Frisian countermeasures to Demiurge were difficult to measure, primarily because of Demiurge's general unreliability, but also because of the somewhat unexpected capacity of cybertanks to adapt to novel situations. The most successful engagement was also its first, and it rapidly became clear that both the remnant human brains' ability to adapt to novelty, and possibly some depot level upgrades of the cybertanks, led to its reduced effectiveness. Leviathan proved effective only against "fresh" cybertanks, and by the end of the war all cybertanks had sufficient combat days under "their" belts to ignore the effects of Leviathan until engaged by weapons fire. Abbadon was almost entirely useless as the innate redundancy of the cyberbrain trio, and human manning overrides, meant that seizure events would often last less than a minute. Interviews of Frisian Lanmacht crews of Tarasques showed that a well drilled, fresh crew could interrupt a Abbadon event in less than 10 seconds and regain control of their fighting vehicle. Only in the rare case of a Behemoth-Abbadon confluence would this cause a general disabling of the vehicle, although Frisian troops were, through quirks of their cerebral topologies, less suspectible to Abbadon's seizing effects than Gallan volunteers. Leviathan events were more problematic, especially against autonomous operating vehicles, although as the war went on the Lanmacht would routinely operate Tarasques with multiple crewmen to takeover in Leviathan events. Behemoth events were widely considered to be both deadly and highly difficult to counteract, as the manual override controls were also affected by Behemoth's hijacking. Rarely, Behemoth could hijack the engine control unit and cause a shut down of one or both of the main turbine engines. In a worst case scenario, one cybertank, moving at speed, had its drivetrain destroyed when a Behemoth hijacking caused its transmission to rapidly cycle gearing.

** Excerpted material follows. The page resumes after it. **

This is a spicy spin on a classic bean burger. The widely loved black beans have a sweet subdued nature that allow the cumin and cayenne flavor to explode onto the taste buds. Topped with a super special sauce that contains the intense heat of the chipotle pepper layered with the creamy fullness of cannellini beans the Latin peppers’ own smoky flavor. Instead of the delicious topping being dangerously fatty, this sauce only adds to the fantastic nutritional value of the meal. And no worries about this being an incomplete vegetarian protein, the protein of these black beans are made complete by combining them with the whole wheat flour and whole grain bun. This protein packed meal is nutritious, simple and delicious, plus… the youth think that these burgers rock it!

Post-war analysis by the Allied Control Council (Galla, Vinland, Oumei, Ynglia, The Holy See, UZSR, Avar Union, and the Hanza Free Cities) and the Holy Inquisition (separate from the ACC inquiry) on Tarasque generators (generically, "Tarasque generator" refers to any cyber-organic control system using captive or harvested human brains) showed that, because surgical incisions were so highly individualized, they were likely performed on political prisoners or anti-monarchists who had been selected specifically for the procedure. Unfortunately, the immediate post-war Frisian Civil War, the purging of the Athestan IV's bloodline by vanguardist guerrillas supported by the HPR and their Free Cities allies, as well as establishment of the Faarlik League in Central and Southern Alaria, and the Hansa in Northern Alaria, have made tracking the whereabouts of those involved in the development of the Tarasque generators difficult. It is believed that many, especially engineers and scientists, may have fled to Yue after the collapse of Athestan's state and its reorganization. A severe dearth of documentation has similarly relegated much of the Athestan dynasty's terror into oral history and myths, although the Ch'ti SRAC has made inroads in discerning locations of mass graves, concentration camps, and identifying and executing criminal elements (administrators, surgeons, researchers, officers, etc.) of the Orange Terror, specifically those who committed crimes against the Breton people but in practice any association has since become fair game, who have gone underground since the end of the Alarian War (known as the Dorestad Incident in Galla).

In the modern day, the Jade Empire (Ta Yue), the Hsingnu People's Republic (also known as Union of Socialist Zovlol Republics; UZSR), and the Holy See make use of cybertanks, although the latter tanks are strictly monitored by the Holy Inquisition and the Allied Control Council Inspectorate (ACCI), with artificial equivalents to the Tarasque generators. With modern computer systems, the cybertank's performance has been improved over the war-era systems, with increased processing speed and achieving parity reliability in high noise environments with a much lighter combat computer, although Tarasque generators still have vastly superior "novel threat" recognition scores, which means they still periodically appear in various weapon proposals. Cybertanks of the Faarlik Guards of the Holy See are used to ferry battlesuit troops in a similar manner to the Tarasque, in combat. Conversely, the HPR's "Обь. ᠗᠗᠗" (Object 777), codenamed "Tarantula" by the HID, is almost the size of a conventional main battle tank (smaller), and is designed primarily to support battlesuit sections in "desantii" (dismounted) attacks, similar to the teletanks of the Royal Army's Airborne Corps of the '40's. Little is known about the Jade Empire's cybertank program, although it is believed to incorporate multiple types of vehicles, similar to conventional armored forces.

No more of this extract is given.